猪川 10年ぶりにカプコンから出る女性向けタイトルで、いろいろな試みをしています。とにかくハルトくんに恋してほしいですね。目指すところがあって、情熱を持って作られたゲームですので、試しに1話をやってみていただけると。まるで本当の人間と接しているかのような、リアルなコミュニケーションと恋愛体験を体感できるゲームだと思っていただけます。

阿達 昨今の一般的な乙女ゲームとはまったく違った作品となっています。カプコンが作ったらこんな乙女ゲームなんだな、というのを伝えていきたいですね。有料アプリというところが大きなポイントにはなっているかと思うんですけど、梅原さんが好きだから、ハルトの見た目が好きだからとか、乙女ゲームが好きだからと、きっかけは何でもいいので、ぜひ1話をプレイしていただければと思います。きっと損はさせませんので、ぜひよろしくお願いいたします。

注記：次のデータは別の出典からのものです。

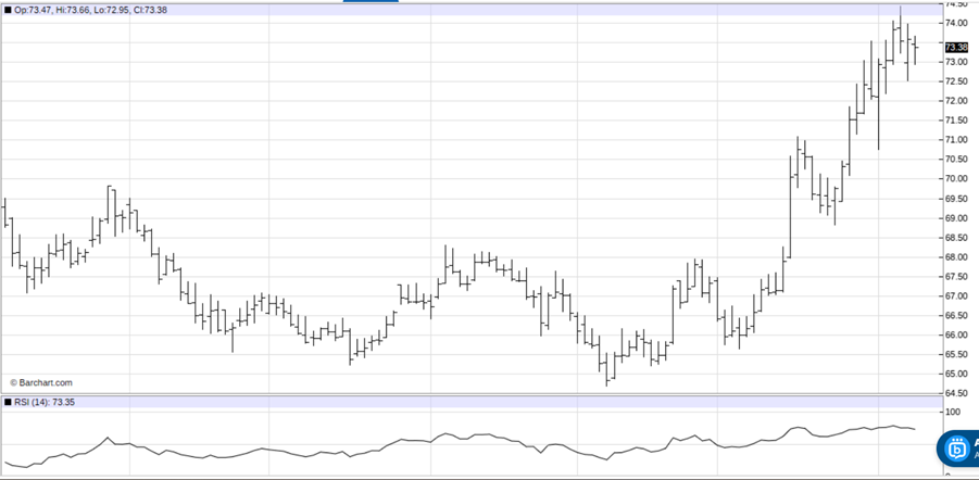See on the daily bar chart for July cotton futures that prices have just hit a multi-month high. However, there are now longer-term technical resistance layers that lie just above present prices, and which have turned back price rallies over the past couple years. Also, the relative strength index (RSI) shows the cotton market is into overbought territory (above 70.0) and is at least due for a downside correction. It’s my bias that the recent rally in the cotton market is about finished.
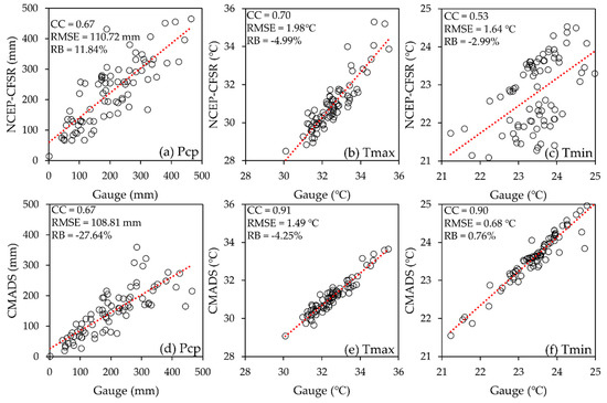 Scatter plots of gauge stations with (a–c) NCEP-CFSR and (d–f) CMADS in monthly precipitation (Pcp), monthly maximum temperature (Tmax) and monthly minimum temperature (Tmin) estimations.

実田 いままで自分が携わってきた作品とはガラッとイメージが違って、自分にとってもたいへんなチャレンジでした。「おもしろいゲームをお客様に届けたい!」といういちばんの目標のもと、新しいアートの境地を狙ってがんばりましたので、ぜひこの”恋愛FPS”をお楽しみください。

 今回、女性向け恋愛ゲームという形でお話をしてきたんですけれど、社内の男性からも「ゲームとしておもしろい」という声が上がっている本作なので、男性の方も是非お試しいただければと思います。ゲーム会社カプコンの新規IPとして、ひとつのゲームとしてどこに出しても恥ずかしくないものを作っていると思っていますので、ぜひプレイしてみてください。

白鳥 紆余曲折ありながらも、新しいIP、おもしろいゲームを作りたいという一心で作ってきたタイトルです。その気持ちに共感してくれた方々の助けもあってここまできたタイトルでもあります。でも、みなさんには、純粋に彼との恋愛を楽しんでいただきたい、それだけです。ぜひハルトくんと恋してください!